The creator of “Mulholland Drive,” “Twin Peaks” and an unprecedented surrealist visual universe has died at the age of 78.

Visionary filmmaker David Lynch is dead. His family announced this on his Facebook account on Thursday (January 16).

Lynch revealed last year that he had been diagnosed with emphysema after a lifetime of smoking and would likely not be able to leave his house to direct. It was not initially known whether his death was related to his illness.

It said on Facebook: “There is a huge void in the world now that he is no longer with us. But, as he used to say, ‘Keep your eye on the donut and not the hole’.”

David Lynch, born on January 20, 1946 in Missoula, Montana, suddenly became known in 1977 when he created one of the defining films of midnight cinema with “Eraserhead”. Lynch had worked on it for years, even sleeping on the set. The grotesque story tells of a young man who is the father of an indefinable being and who despairs about it.

Lynch, who had several artistic talents, had already started painting. He enrolled at several art schools, but it was only at the Pennsylvania Academy of the Fine Arts in Philadelphia that he discovered film. During this time he created his first short film, Six Men Getting Sick (1967). Lynch often describes his time in the city as dark and the city as a formative inspiration for his work.

Dark film debut “Eraserhead”

“Eraserhead” quickly became a cult film. Stanley Kubrick is said to have shown it during the filming of “Full Metal Jacket” and described it as one of his favorite films. The notoriety of his debut helped Lynch gain a huge reputation straight away. Producer Mel Brooks wanted him for the film “The Elephant Man” (1980). The humanistic fable about a severely disfigured man who has a heart of gold and is more cultured than many of his fellow human beings became a great success. The film was nominated for five Oscars. Lynch also received several Academy Award nominations for Best Director throughout his career.

Lynch then had the chance to turn one of the great sci-fi fantasy stories in literature into a film, “Dune” (1984). An experience that was not entirely easy for all parties and that the director later described as unpleasant. But in leading actor Kyle MacLachlan he not only found the ideal cast, but also a kind of actor for life. He also became the hero of Blue Velvet (1986), a sparkling neo-noir coming-of-age film with a perverse edge. All the themes that make Lynch films distinctive – the dominance of secrets, dreamlike imagery, the uncanny play of sexuality, kitsch and violence – can already be found here.

Just a few years later, together with the screenwriter and producer Mark Frost, he found a clever variation of some of the motifs from “Blue Velvet” with the epochal TV series “Twin Peaks”. Within a few episodes, the series developed into a hybrid of basically all genres of cinema that was incomparable to anything in the early 90s. Half the world was wondering who killed Laura Palmer. That same year, the director also released “Wild At Heart,” his rough take on “Wizard Of Oz,” which was considered postmodern at the time. The film won the Palme d’Or at Cannes – but was booed at its screening.

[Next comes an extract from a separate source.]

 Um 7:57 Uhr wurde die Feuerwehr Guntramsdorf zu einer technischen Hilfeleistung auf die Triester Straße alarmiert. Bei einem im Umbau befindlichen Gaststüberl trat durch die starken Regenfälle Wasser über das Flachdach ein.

He was also successful as a painter, musician and furniture designer

Lynch took a creative break and made a panorama of madness with “Lost Highway” (1997), which merged several narrative levels into an LA nightmare. Because Lynch used a Rammstein song for the film, the band became an international phenomenon. “Straight Story” seemed like a salutary exception to all the disturbing material in 1999, but the spiritual core hidden in this melancholic brothers’ tale can be found in all of the director’s films. Lynch early on became known as an advocate of Transcendental Meditation and later became one of its most famous ambassadors.

With “Mulholland Drive”, actually planned as a TV series like “Twin Peaks”, Lynch found the key in 2001 to bring all of his themes and motifs together into a clever genre variation. The director made Naomi Watts a movie star. Initially received very mixed reviews by film critics, the modern version of “Sunset Boulevard” developed into a favorite among cineastes. In “Sight And Sound’s” list of the 100 best films, chosen by critics every 10 years, the film is ranked eighth. In 2006, Lynch followed up with “Inland Empire,” a digitally filmed experiment for the first time that was entirely dedicated to his “Blue Velvet” actress Laura Dern.

It is no longer possible to determine whether Lynch became increasingly less interested in cinema (as he himself said several times) or whether no films were produced anymore. The artist subsequently concentrated more on painting and creating furniture. He also found a field of activity that filled him as a musician – most recently there was another album with the singer Chrysta Bell. But a stroke of luck arose when the opportunity arose to stage a kind of sequel to “Twin Peaks”. 18 episodes, all directed by Lynch himself, a retrospective and meditation, so to speak, on everything that held the material together at its core.

David Lynch, who was married four times, leaves behind two daughters and two sons – and an incomparable artistic work.